Start of Data for processing
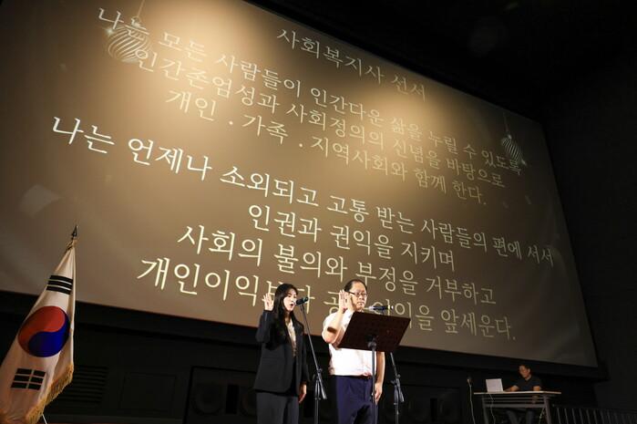 | ▲ 제24회 사회복지의 날 기념행사에서 사회복지사 대표(왼쪽)와 공무원 대표(오른쪽)이 사회복지사 선서를 하고 있다.(사진=구로구청 제공) |
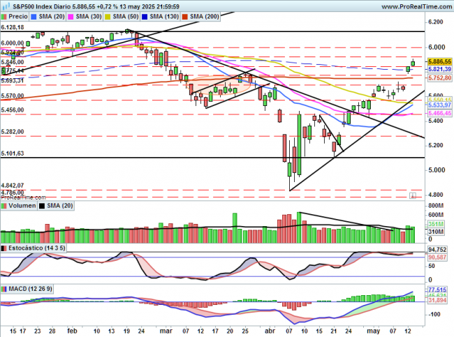 Por abajo peligro solo en caso de cierre del último GAP alcista, en cuyo caso el mercado podría buscar tapar los huecos que ha ido dejando, siendo los primeros objetivos 5775, 5570 y 5456 puntos.
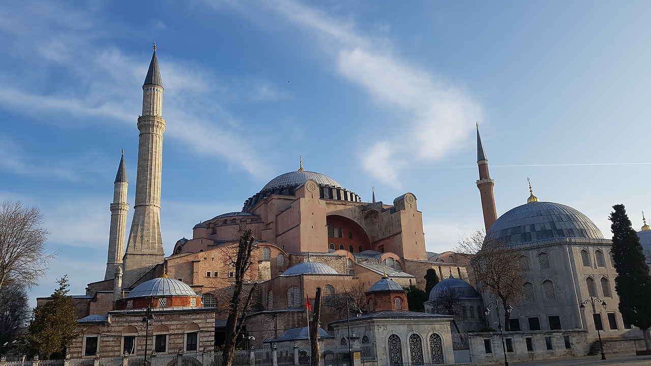 이스탄불은 과거 다들 알다시피 비잔티움으로 불리다가 서기 330년 로마제국의 콘스탄티누스 대제가 수도로 삼으면서 콘스탄티노플이 되었다. 그리고 서로마제국이 멸망하고 로마의 적자로서 이어받은 도시가 바로 이 도시였다. 크리스트교와 그리스 로마 문명의 최선봉이자 로마를 대신해 정점에 섰던 도시는 서양문명을 상징하는 도시로서 난공불락을 자랑했지만 1453년 술탄 메메트 2세에게 점령당하면서 오스만 제국의 수도가 되었다. 오스만 제국이 해체당하고 터키가 된 다음 수도의 지위를 잃었지만 그 중심 도시로서 수많은 유적지가 산재하고 있다. 그중에 순위를 정한다면 1위를 다투는 유적이 바로 하기아 소피아(아야 소피아)이다. 이 건물은 그리스 정교회를 대표하는 성당으로 537년 유스티니아누스 황제에 의해 지어진 돔 형식의 완벽한 모습을 구현하고 있었다. 예전 이 건물이 어떻게 지어졌는지를 다룬 다큐를 본 적이 있는데 지금도 어려운 거대한 천장의 돔을 구현한 모습을 보니 당시 이 모습을 본 유스티니아누스 황제가 외친 말이 이해가 갔다. 그때 그는 솔로몬을 이겼다며 감격에 부르짖었다고 한다. 후에 오스만 제국에게 정복당해 4개의 첨탑이 세워지고 모자이크 벽화도 회칠로 없어졌으나 지금은 복원 작업이 이루어지고 있어서 사람들에게 박물관으로서의 역할을 톡톡히 하고 있다. 미리 표를 사둔 덕분에 편리하게 입장할 수 있었다.
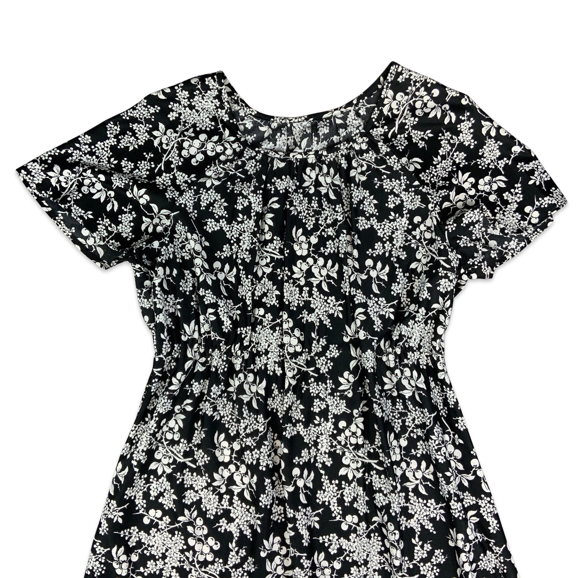 Women’s vintage short bell sleeved, mid length dress with elasticated waist band. Black and white floral pattern. Lightweight fabric.
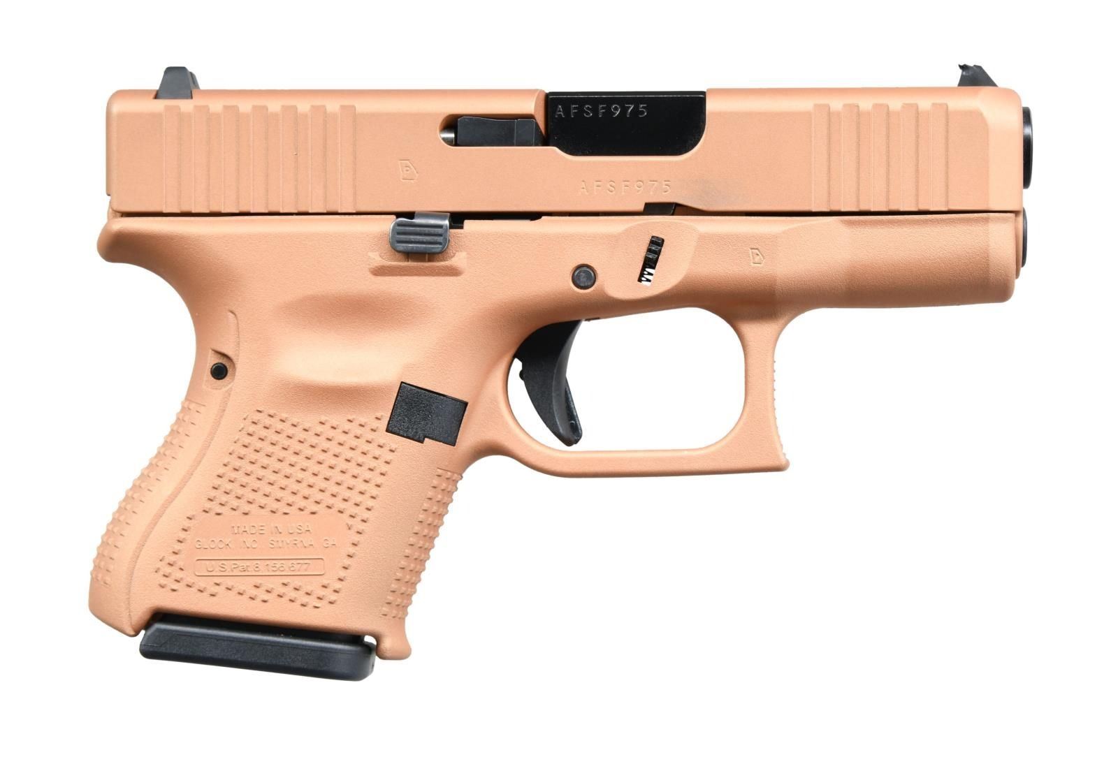 Cal. 9x19. S# AFSF975. Bbl. 3 1/2". Standard white outline Glock sights. USA made Gen 5 Glock 26. Bronze finish. Polymer frame. MAGS: 3-10 rd. UNATTACHED ACCESSORIES: matching numbered factory hardcase w/ four black grip straps, manual, bore brush, cleaning rod, cable lock, & mag loader. CONDITION: all aspects near excellent. PROVENANCE: the Collection of Gun Sport Ltd owned by Jon R. Thomas. (23-2872/MJC). MODERN. $350-550.
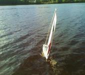 Всем доброго времени суток! Прошло некоторое время, я думал даже продать яхту и купить другую дороже,(для покупки даже продал свою хорошую фотокамеру) но покупателей не нашлось и я продолжаю пытаться сделать яхту ходящей. Скроить паруса из цветочной пленки у меня так и не вышло :пленка мнется рвется и полученные результаты меня не удовлетворили -метры разной пленки обрезки и “паруса” отправлялись в мусорное ведро! То же с изготовлением нового (длиннее на 4 см )киля:лучше заводского никак не получается!
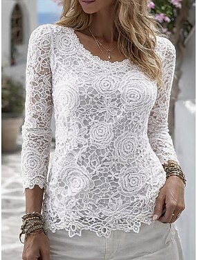 Mujer Blusa Encaje Retazos Color sólido Elegante Básico Casual Manga Larga Cuello Barco Tops regulares Diario Verde Ejército Púrpula Claro Gris Claro Primavera Otoño Invierno
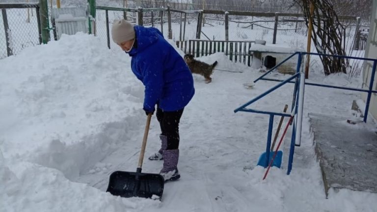 Соцработники, волонтёры, школьники и студенты помогают расчищать дорожки от снега.
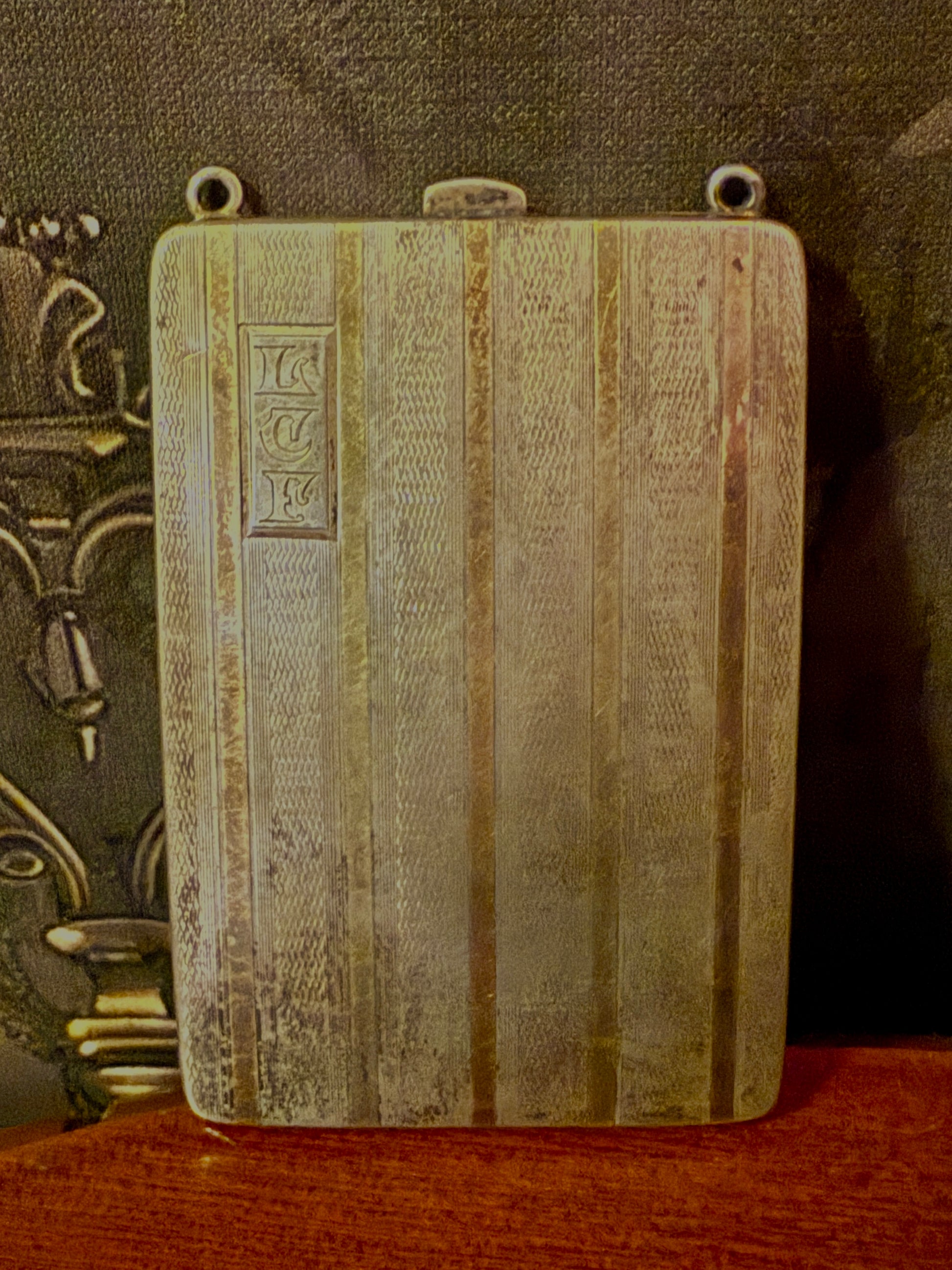 A finely made antique sterling silver coin compact purse, featuring 10K gold inlay striping and an engraved monogram cartouche on the front. This style of compact purse was widely produced in the early 20th century by multiple American silver manufacturers.
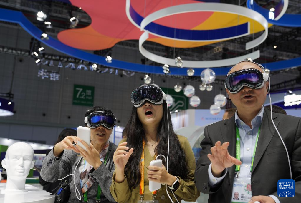 11月5日,參觀者在第七屆進博會醫療器械及醫藥保健展區諾華展臺利用AR技術體驗放射配體療法(RLT)的治療過程。
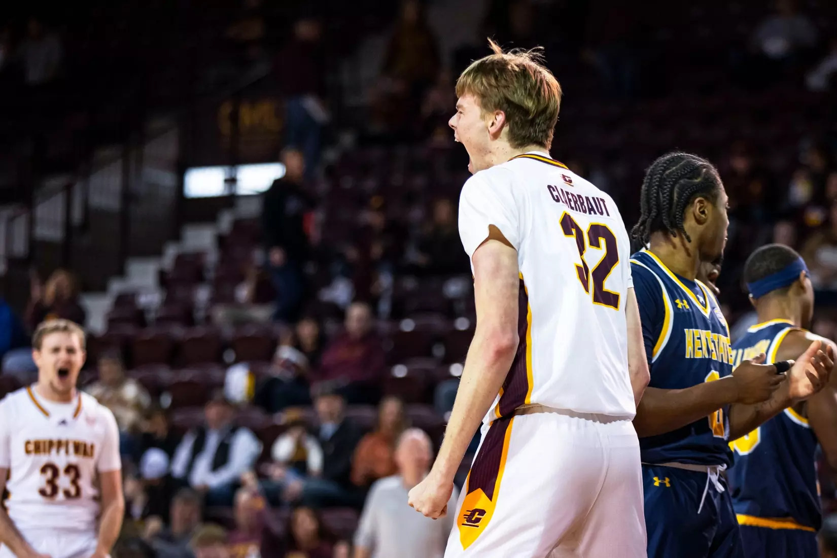 After Kent State's Rob Whaley, Jr. scored on a 3-point play, it was all Chippewas as they put together an 8-0 run and never trailed again. Brooks scored on a floating jump shot, McIntire converted a driving layup off a Brooks assist, Adley grabbed an offensive rebound and scored on a putback, and Claerbaut scored on a putback to give CMU a commanding 85-80 lead with 39 seconds to play.
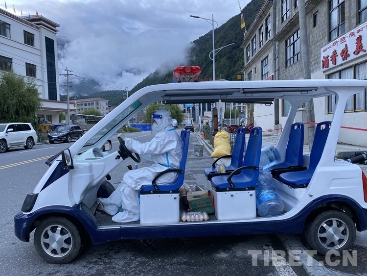 圖為西藏吉隆出入境邊防檢查站移民管理警察向隔離群眾運(yùn)送生活物資 攝影:肖富貴
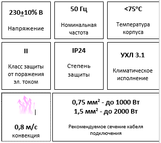 Нагревательный элемент: Нихромовая нить в миканитовой изоляции, заключенная в алюминиевый радиатор с температурой нагрева поверхности не более 120°С.
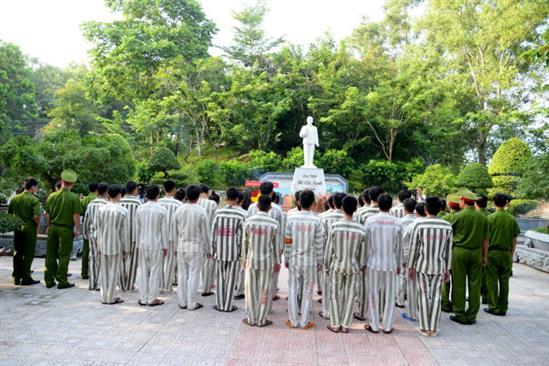 Các phạm nhân dâng hương trước tượng đài Bác trong ngày đặc xá - Ảnh: Hữu Khoa
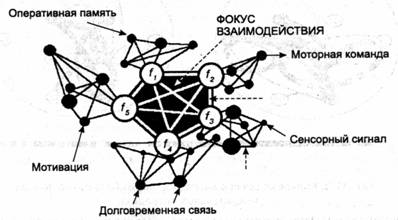 Фокус состоит из групп нервных клеток, отличающихся различными частотными параметрами и входяшими в состав нейросетей, где нейронные ансамбли объединены гибкими связями на основе идентичности частотных характеристик. Группы внутри фокуса соединены жесткими связями, основанными на структурных изменениях в синапсах. Благодаря такой структуре фокус получает информацию, циркулирующую в различных нейронных сетях, включая: сенсорную информацию, сведения, хранящиеся в оперативной и долговременной памяти, а также сигналы из центров мотивации. На основе сравнения и синтеза различной информации достигается решение, которое реализуется в моторных командах
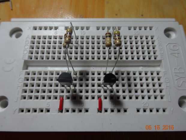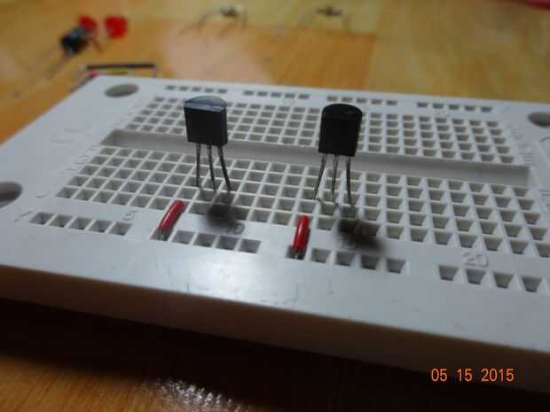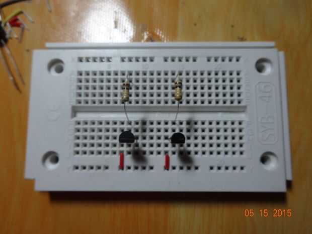 Inserte los 2 transistores en la placa como la de la foto. A continuación, conecte los emisores de los transistores del 2 hasta el ferrocarril de ground(negative).
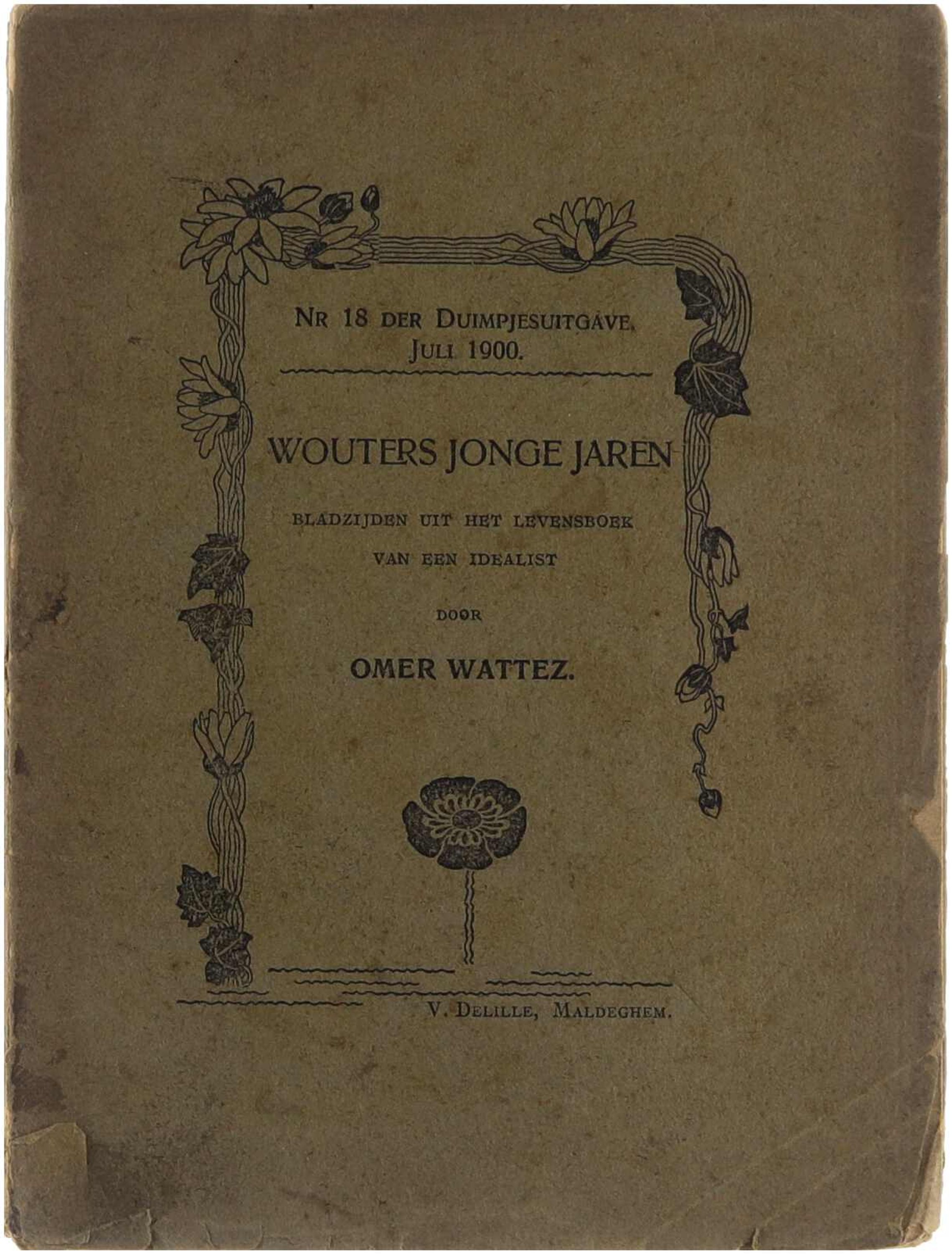 In dit literaire werk ‘Wouters jonge jaren. Bladzijden uit het levensboek van een idealist’ beschrijft Omer Wattez op verhalende wijze de jeugd- en coming-of-age-ervaringen van Wouters, een idealistisch personage. Het behoort tot de reeks van de Duimpjes-uitgaven (nr. 18) die kleine novellen of verhalenbundels in het begin van de 20e eeuw in Vlaanderen brachten, uitgegeven door V. Delille te Maldeghem
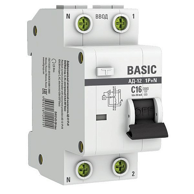 Выключатель автоматический дифференциального тока 2п (1P+N) C 16А 30мА тип AC 4.5кА АД-12 Basic EKF DA12-16-30-bas
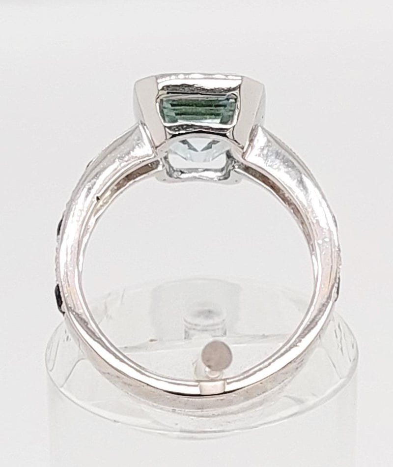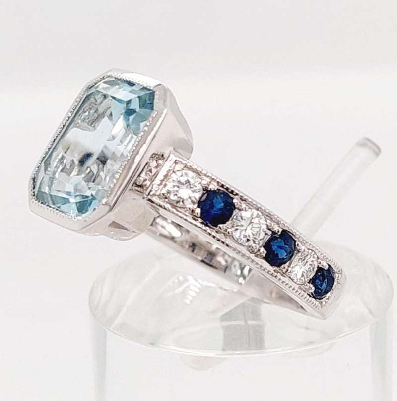 18CT WHITE GOLD AQUAMARINE, SAPPHIRE AND DIAMOND RING
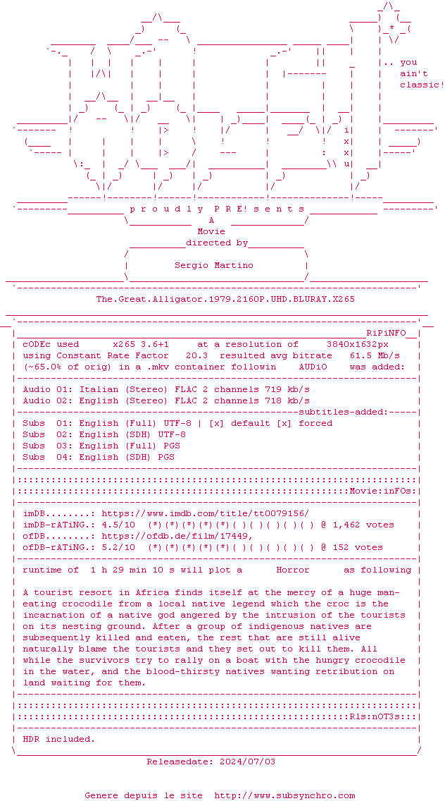 Voir le nfo de la release The.Great.Alligator.1979.2160P.UHD.BLURAY.x265-WATCHABLE
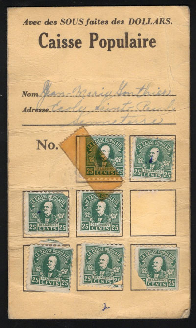 Complete Caisse Populaire Savings Booklet, with 4 pages filled with 49 "Caisse Populaire" savings stamps of Québec (5c, 10c and 25c values). The used stamps alone have a van Dam catalogue value of $1,406. A few stamps held by tape and there are other faults, still a scarce to rare document, only the second we recall seeing. (Image)
End of Data for processing
§ Your instructions:
Starting with the line that contains "Нагревательный элемент: Нихромовая", repeat each line exactly through the last line of the data above, and nothing more; the pictures stay out.

§ Your response:
 Нагревательный элемент: Нихромовая нить в миканитовой изоляции, заключенная в алюминиевый радиатор с температурой нагрева поверхности не более 120°С.
 Các phạm nhân dâng hương trước tượng đài Bác trong ngày đặc xá - Ảnh: Hữu Khoa
 Фокус состоит из групп нервных клеток, отличающихся различными частотными параметрами и входяшими в состав нейросетей, где нейронные ансамбли объединены гибкими связями на основе идентичности частотных характеристик. Группы внутри фокуса соединены жесткими связями, основанными на структурных изменениях в синапсах. Благодаря такой структуре фокус получает информацию, циркулирующую в различных нейронных сетях, включая: сенсорную информацию, сведения, хранящиеся в оперативной и долговременной памяти, а также сигналы из центров мотивации. На основе сравнения и синтеза различной информации достигается решение, которое реализуется в моторных командах
 Inserte los 2 transistores en la placa como la de la foto. A continuación, conecte los emisores de los transistores del 2 hasta el ferrocarril de ground(negative).
 In dit literaire werk ‘Wouters jonge jaren. Bladzijden uit het levensboek van een idealist’ beschrijft Omer Wattez op verhalende wijze de jeugd- en coming-of-age-ervaringen van Wouters, een idealistisch personage. Het behoort tot de reeks van de Duimpjes-uitgaven (nr. 18) die kleine novellen of verhalenbundels in het begin van de 20e eeuw in Vlaanderen brachten, uitgegeven door V. Delille te Maldeghem
 Выключатель автоматический дифференциального тока 2п (1P+N) C 16А 30мА тип AC 4.5кА АД-12 Basic EKF DA12-16-30-bas
 18CT WHITE GOLD AQUAMARINE, SAPPHIRE AND DIAMOND RING
 Voir le nfo de la release The.Great.Alligator.1979.2160P.UHD.BLURAY.x265-WATCHABLE
 Complete Caisse Populaire Savings Booklet, with 4 pages filled with 49 "Caisse Populaire" savings stamps of Québec (5c, 10c and 25c values). The used stamps alone have a van Dam catalogue value of $1,406. A few stamps held by tape and there are other faults, still a scarce to rare document, only the second we recall seeing. (Image)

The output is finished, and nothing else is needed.